The breeder asked us to bring a crate, so we did. Kian lasted about 10 minutes in it... or should I say we lasted about 10 minutes before his crying, screaming and howling got the better of us. We took him out and left him on my girlfriend's lap the rest of the way.


----------



## SteelCityDozer (Aug 25, 2011)

*collecting my new vizsler pup*

LAP...and then after about 10 min they'll be sleeping.


----------



## lilyloo (Jun 20, 2012)

*Re: collecting my new vizsler pup*

We brought a cage, but didn't use it. Ruby stayed on my lap. I was worried at first, as she was squirmy and trying to cuddle behind my neck, but she eventually settled and slept the entire 2.5 hours we drove.


----------



## threefsh (Apr 25, 2011)

*Re: collecting my new vizsler pup*

Vizsler - Vizsla/Heeler mix? ???

Riley rode on our lap the entire 9 hour drive home.


----------



## Suliko (Sep 17, 2011)

*Re: collecting my new vizsler pup*

I drove 4.5hrs by myself to pick up Pacsirta from the airport. She had traveled almost 30hrs in her crate with an overnight stay in Frankfurt. I thought I wouldn't put her in a crate on the way home because she had been in it for so long. However, when I met her, she was so joyous and energetic. I entertained her for an hour or so before heading back home. Every time I placed her in the bed on the back seat, she was up and running and climbing. So, back in the crate it was for her and my own safety. I suggest a crate if you don't have anyone else to pay attention to the little pup  Good luck and don't forget to share your story with us!


----------



## RubyRoo (Feb 1, 2011)

*Re: collecting my new vizsler pup*

I would highly recommend bringing someone with you if you can. We had a 4 hr drive and brought the crate just in case. I ended up driving and my husband kept Ruby on his lap. We did one stop for a potty break and she was good to go. She slept a lot and we brought a nylabone for her to chew one which helped a lot. Also, don't forget paper towels in case of an accident.


----------



## joshyeo (Jul 4, 2012)

*Re: collecting my new vizsler pup*

thanks guys for your support i will just take towels and some paper for her to sit on my mates lap. carnt wait this is my first dog of my own and should make a great gun dog as i am only 18 me and my new pup will learn together.


----------



## R E McCraith (Nov 24, 2011)

*Re: collecting my new vizsler pup*

Josh -welcome to the forum - at 18 and wanting a gundog - the future is bright for the V - hunt well and hunt often !!!!


----------



## redbirddog (Apr 23, 2010)

*Re: collecting my new vizsler pup*

Josh,

We were just talking about you!

Welcome to your Hungarian Pointer addiction. 

RDB

Some good references here:

http://redbirddog.blogspot.com/2010/06/bailey-is-at-summer-boot-camp.html


----------



## harrigab (Aug 21, 2011)

just corrected the typo in thread title Josh


----------



## joshyeo (Jul 4, 2012)

*Re: collecting my new vizsler pup*



R said:


> Josh -welcome to the forum - at 18 and wanting a gundog - the future is bright for the V - hunt well and hunt often !!!!

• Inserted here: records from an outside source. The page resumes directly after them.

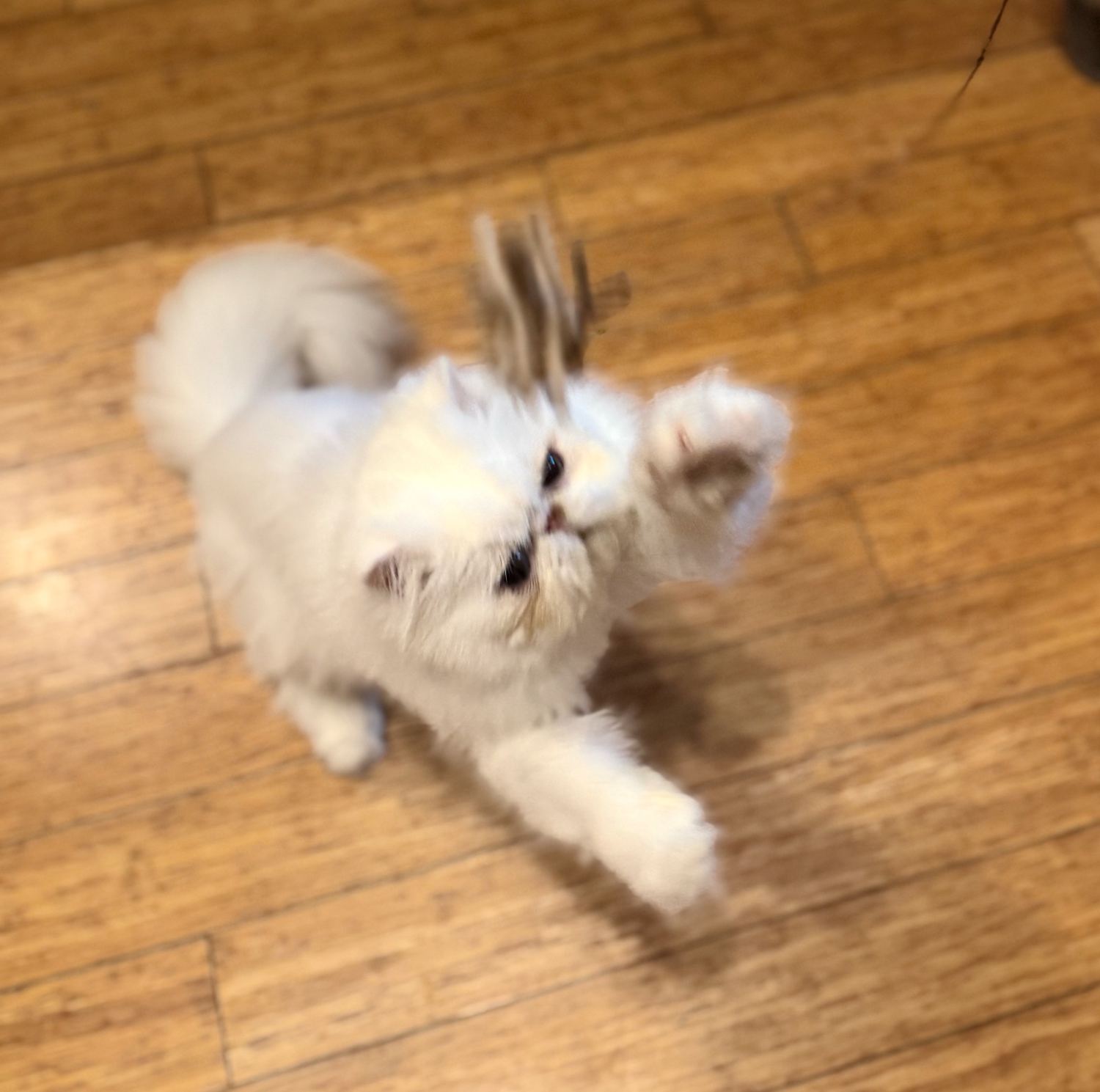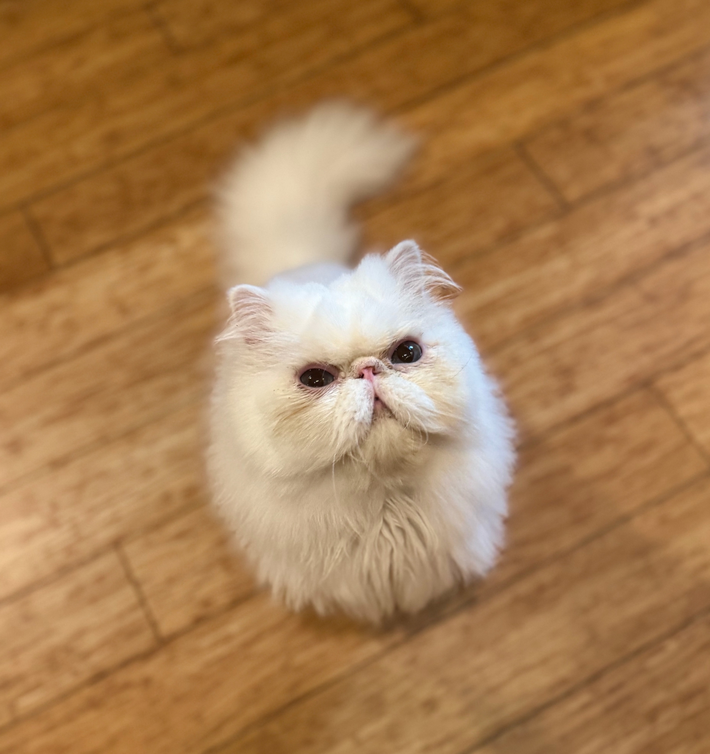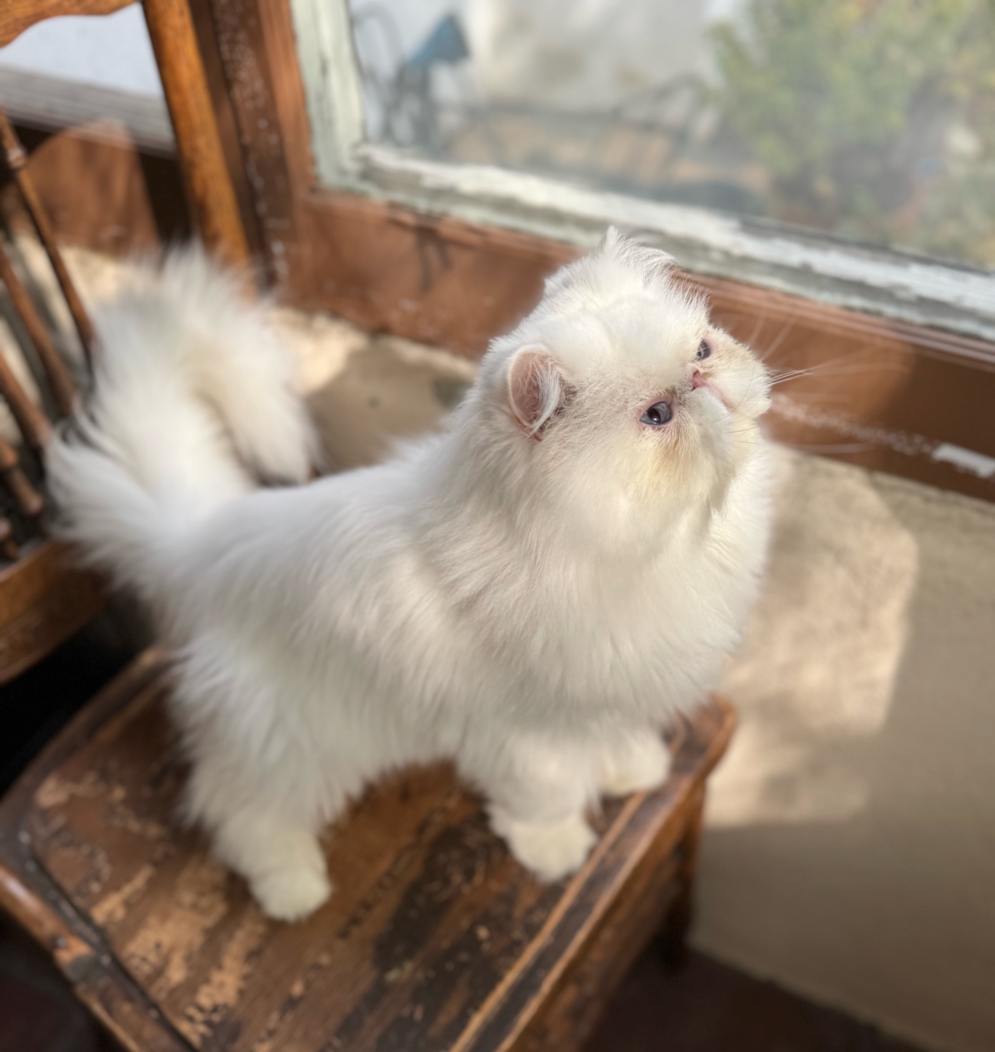 The best home for this sweetheart would be calm, quiet, adult and familiar with the upkeep of Persians, especially light colored Persians who need just a bit more around their faces to keep clean. Pie’s eyes do need to be wiped regularly, like most flat faced cats, and his face can get messy after meals. If you’ve had a Persian or Himalayan or Exotic Shorthair, you know that’s just the way they are! 🙂 However he does ENJOY the cleanup process so that makes things that much easier! He has a cottony coat that needs regular grooming or a lion cut to keep neat. He just had his teeth cleaned and is very healthy and ready to go!
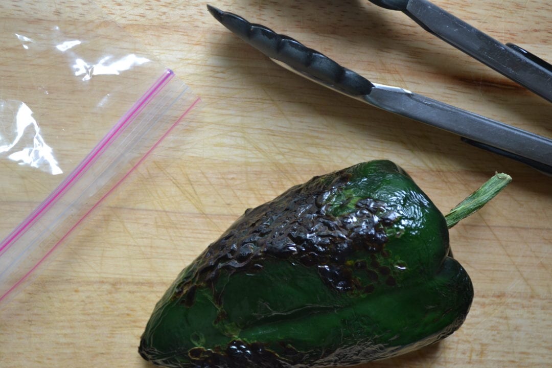 After you roast the pepper, place it in a plastic bag and seal it. Let the pepper steam in the bag for fifteen minutes. When the time is up, the skin should easily peel off.
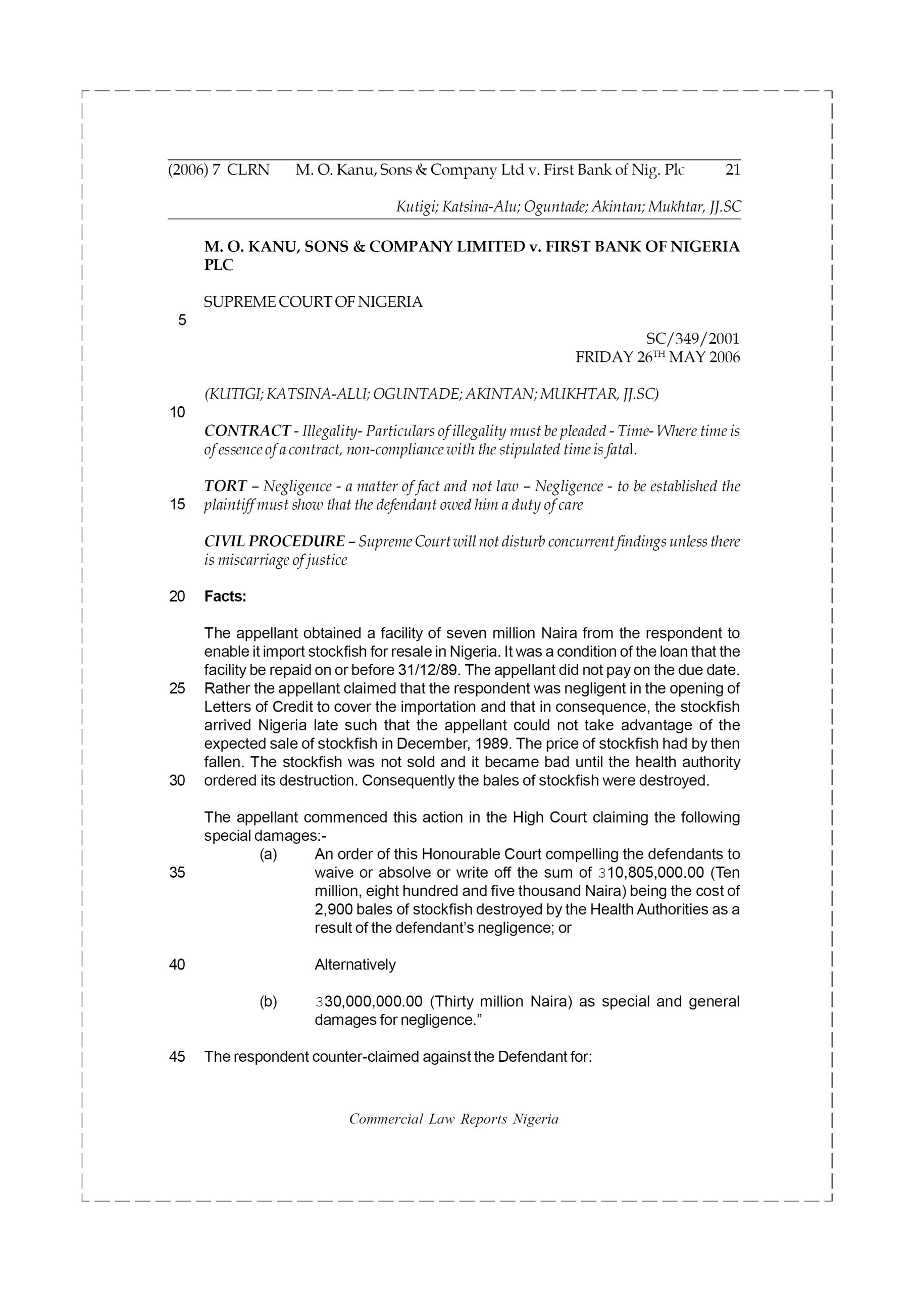 The appellant obtained a facility of seven million Naira from the respondent to enable it import stockfish for resale in Nigeria. It was a condition of the loan that the facility be repaid on or before 31/12/89. The appellant did not pay on the due date. Rather the appellant claimed that the respondent was negligent in the opening of Letters of Credit to cover the importation and that in consequence, the stockfish arrived Nigeria late such that the appellant could not take advantage of the expected sale of stockfish in December, 1989. The price of stockfish had by then fallen. The stockfish was not sold and it became bad until the health authority ordered its destruction. Consequently, the bales of stockfish were destroyed.

Thanks i have read alot already on this forum and i am glad to see people care about there dogs and are always wanting the best for them. of course this dog need the exercise and carnt wait to get started training her.


----------



## hobbsy1010 (Jun 4, 2011)

Welcome to the site joshyeo,

I think taking your mate along with you to pick your pup up is a great idea and a bit of a 'Road Trip' I think you both will never forget!!!! 

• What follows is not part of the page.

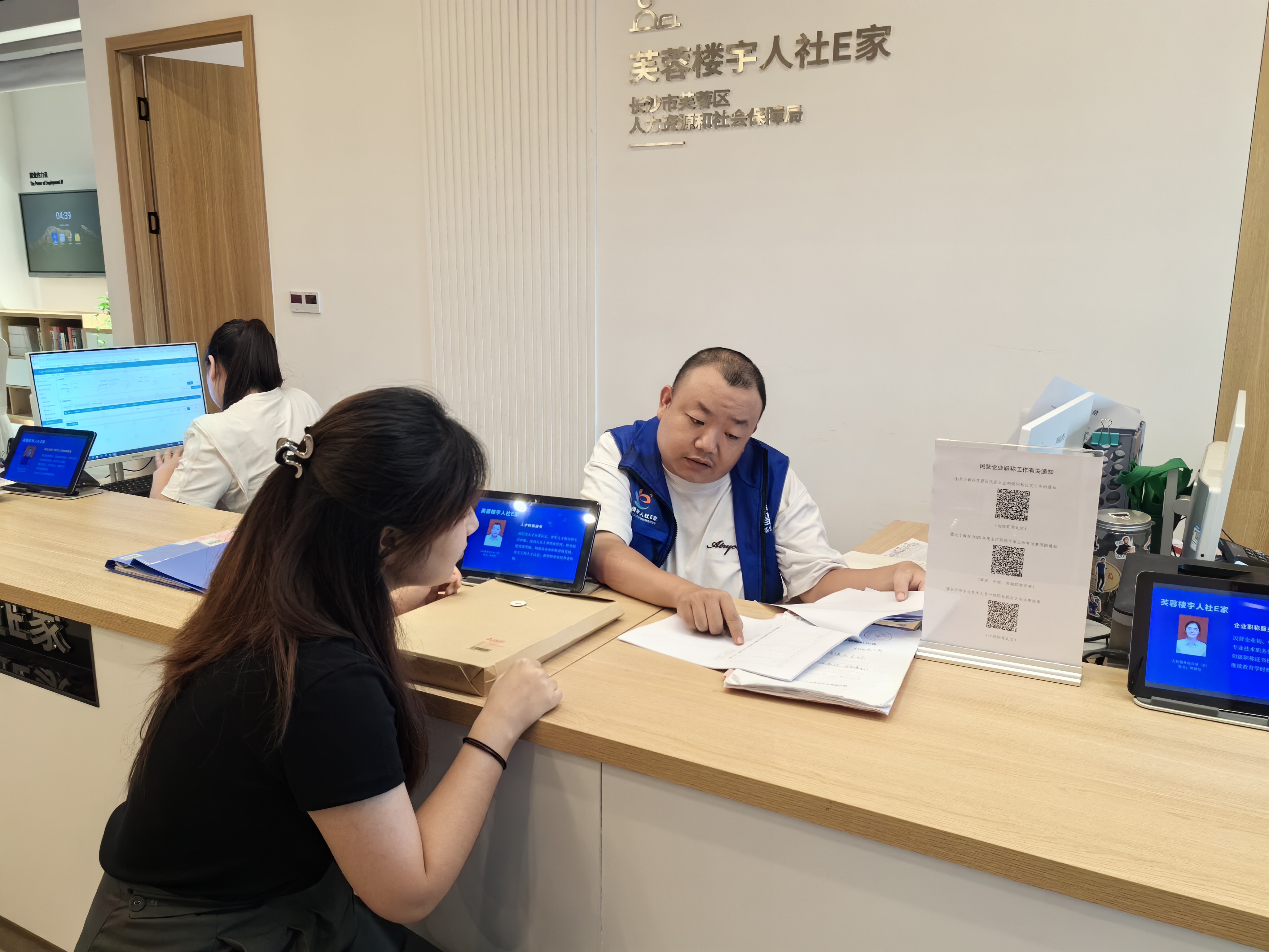 芙蓉楼宇人社E家工作人员指导楼宇企业人员办理职称评审业务
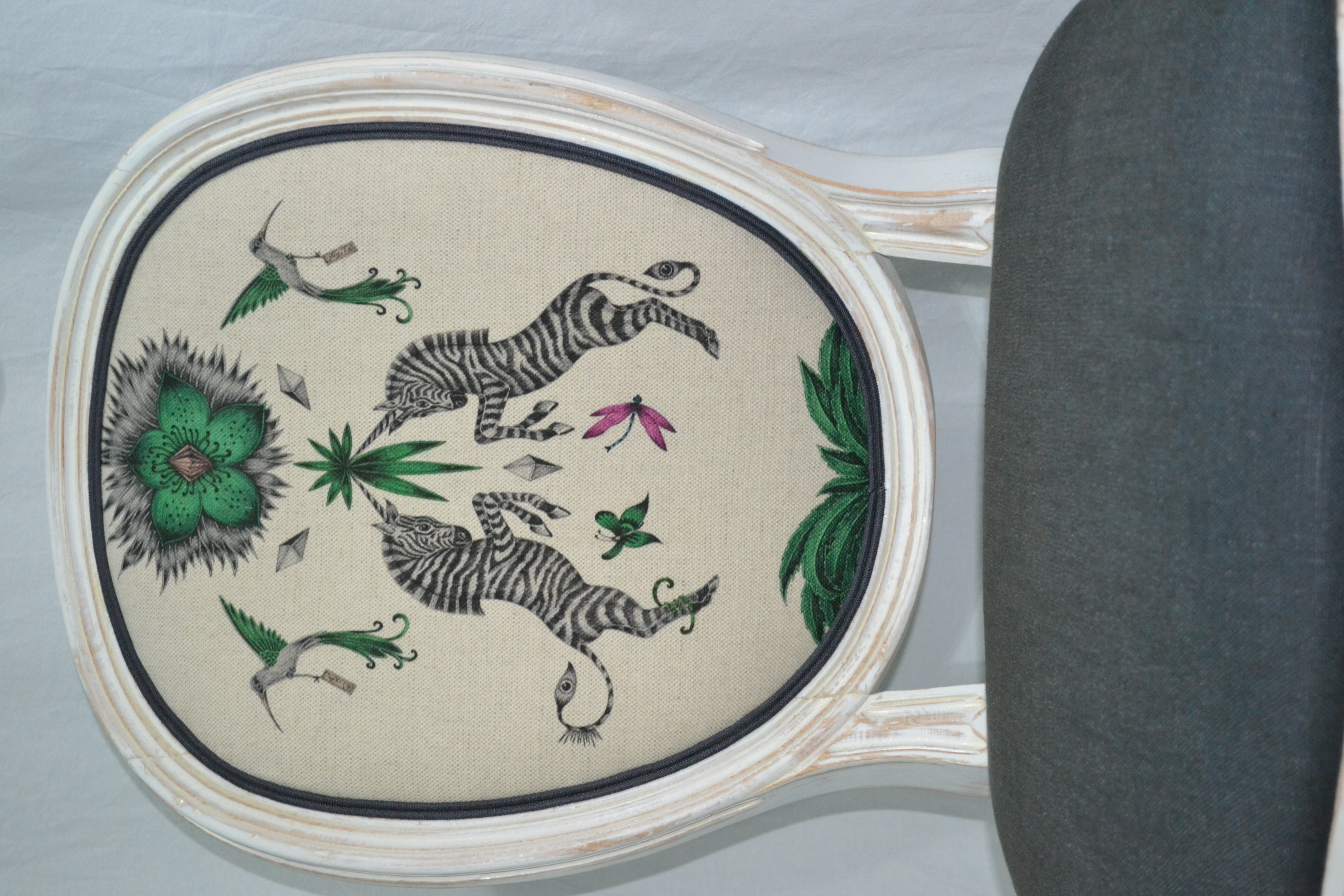 Un brin d’originalité bien maitrisée par la combinaison d’un tissu anti-tâche Luciano Marcato et de beau Créatura de la maison Clarke & Clarke.

Massive commitment for somebody your age taking on a 'V' but I think you know what your letting yourself in for!!  

Good Times ahead, I bet you just can't wait??? 
Use the site and it's members they are a real good laugh and have loads of experience and knowledge about the breed.  

Hobbsy


----------



## joshyeo (Jul 4, 2012)

hobbsy1010 said:


> Welcome to the site joshyeo,
> 
> I think taking your mate along with you to pick your pup up is a great idea and a bit of a 'Road Trip' I think you both will never forget!!!!
> 
> ...


Thanks for the warm welcome i am glad the community is very helpful to all ages.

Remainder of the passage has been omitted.